___ Data excerpts

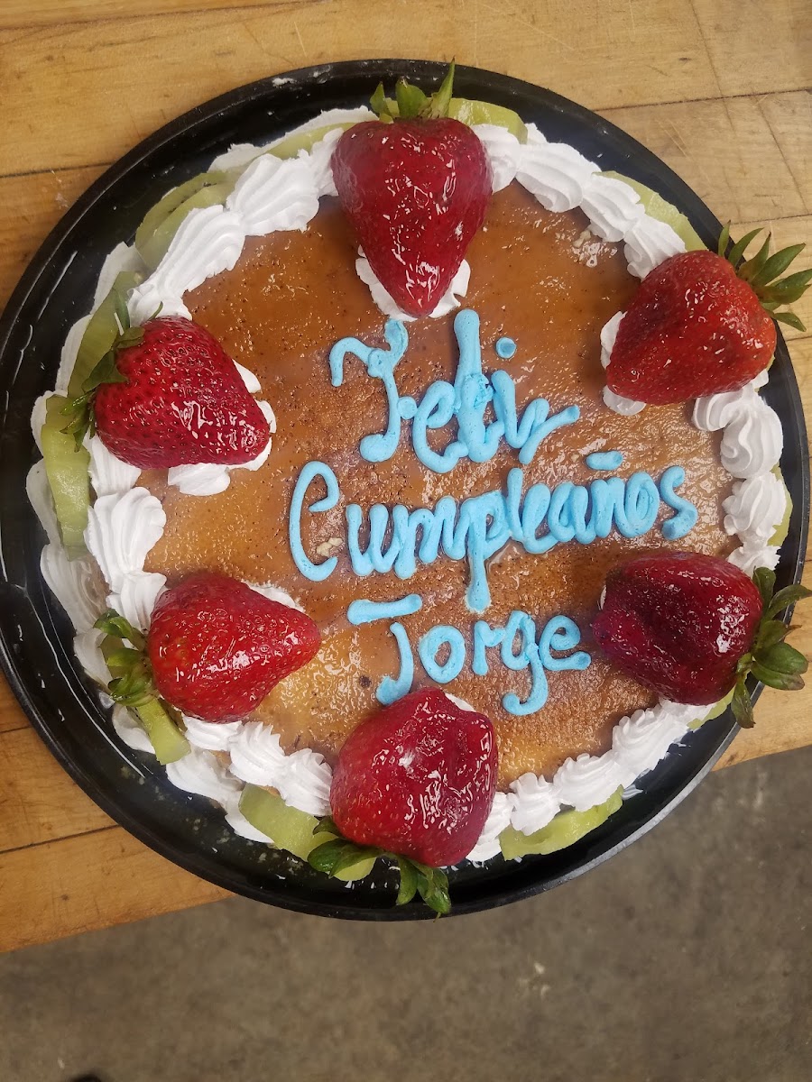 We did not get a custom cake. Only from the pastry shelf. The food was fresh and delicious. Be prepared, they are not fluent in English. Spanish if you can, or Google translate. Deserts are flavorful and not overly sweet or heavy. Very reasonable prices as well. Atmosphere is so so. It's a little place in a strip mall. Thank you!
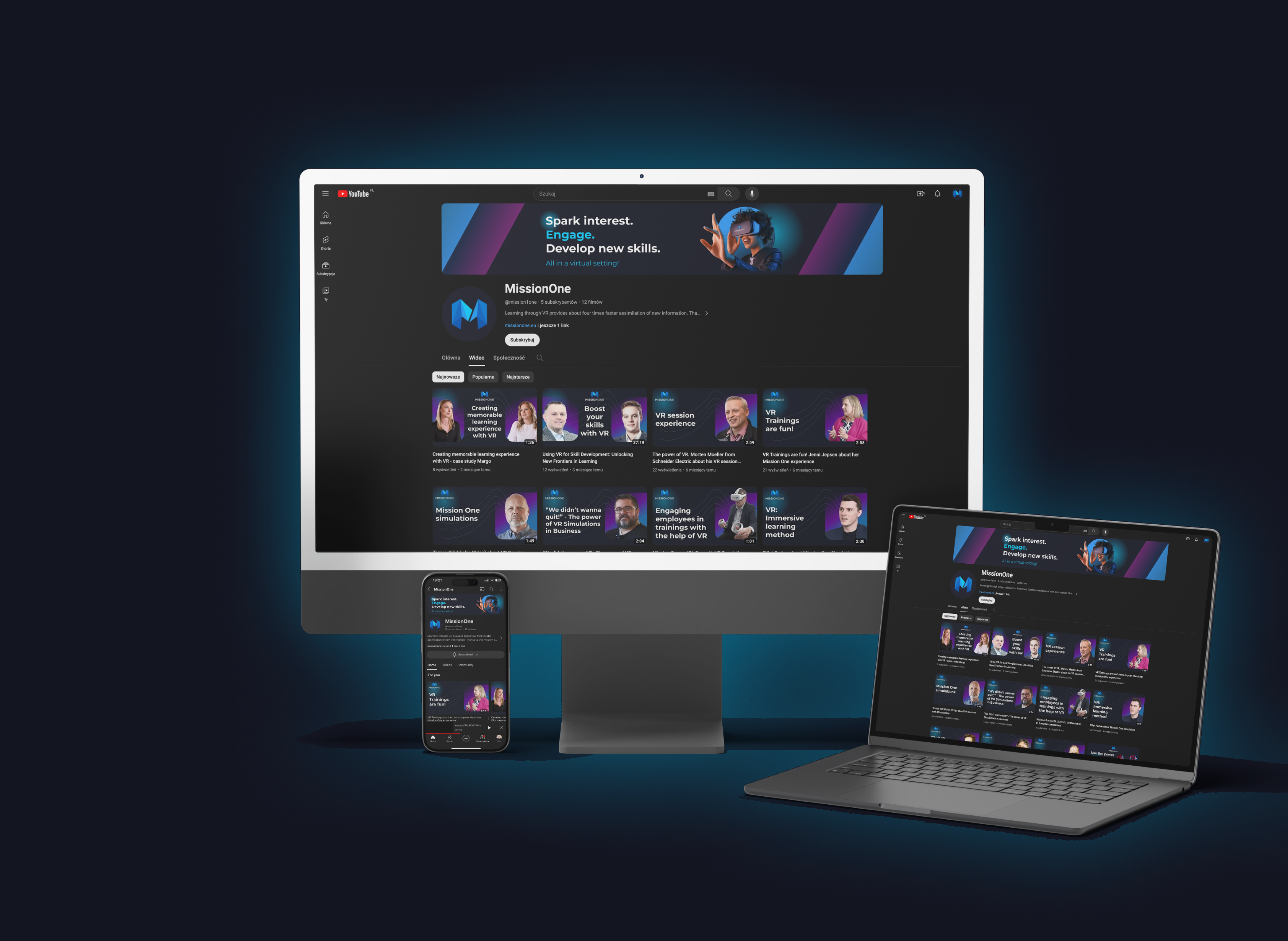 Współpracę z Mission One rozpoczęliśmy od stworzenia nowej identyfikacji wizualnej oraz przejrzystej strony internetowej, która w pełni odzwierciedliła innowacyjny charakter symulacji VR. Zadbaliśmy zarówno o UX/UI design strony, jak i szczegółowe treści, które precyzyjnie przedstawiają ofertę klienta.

______
___ Data excerpts

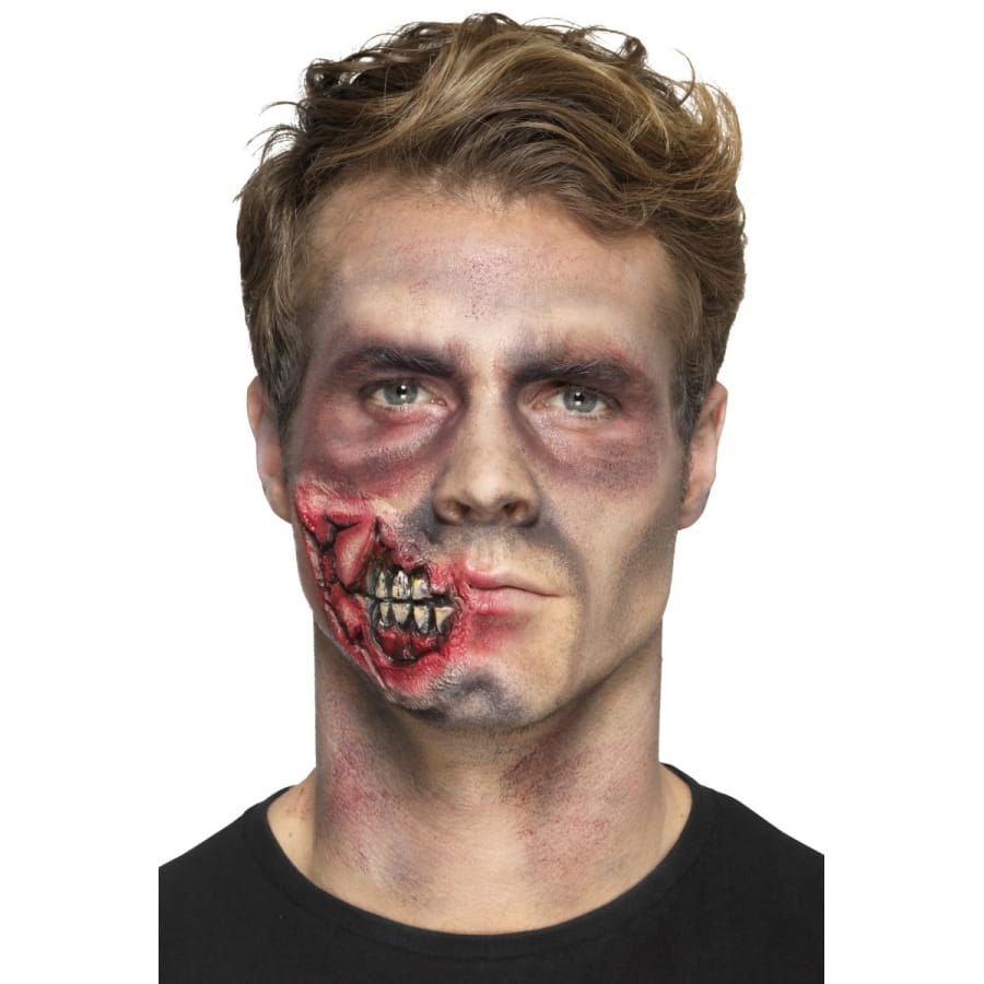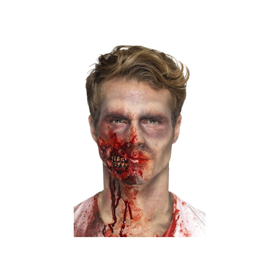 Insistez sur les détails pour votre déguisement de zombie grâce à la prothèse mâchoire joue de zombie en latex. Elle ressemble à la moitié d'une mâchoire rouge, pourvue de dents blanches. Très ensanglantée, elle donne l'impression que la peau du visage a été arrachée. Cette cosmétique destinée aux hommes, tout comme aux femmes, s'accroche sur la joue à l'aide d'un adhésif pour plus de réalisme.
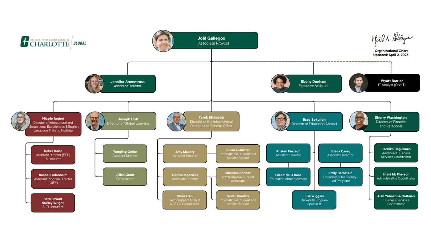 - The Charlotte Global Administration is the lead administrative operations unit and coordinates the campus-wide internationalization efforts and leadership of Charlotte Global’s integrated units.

______

Above are some records. Output exactly the lines from the one that contains "We did not get" to the one that contains "Współpracę z Mission", keeping both, and omit the pictures.

Result of this exercise
 We did not get a custom cake. Only from the pastry shelf. The food was fresh and delicious. Be prepared, they are not fluent in English. Spanish if you can, or Google translate. Deserts are flavorful and not overly sweet or heavy. Very reasonable prices as well. Atmosphere is so so. It's a little place in a strip mall. Thank you!
 Współpracę z Mission One rozpoczęliśmy od stworzenia nowej identyfikacji wizualnej oraz przejrzystej strony internetowej, która w pełni odzwierciedliła innowacyjny charakter symulacji VR. Zadbaliśmy zarówno o UX/UI design strony, jak i szczegółowe treści, które precyzyjnie przedstawiają ofertę klienta.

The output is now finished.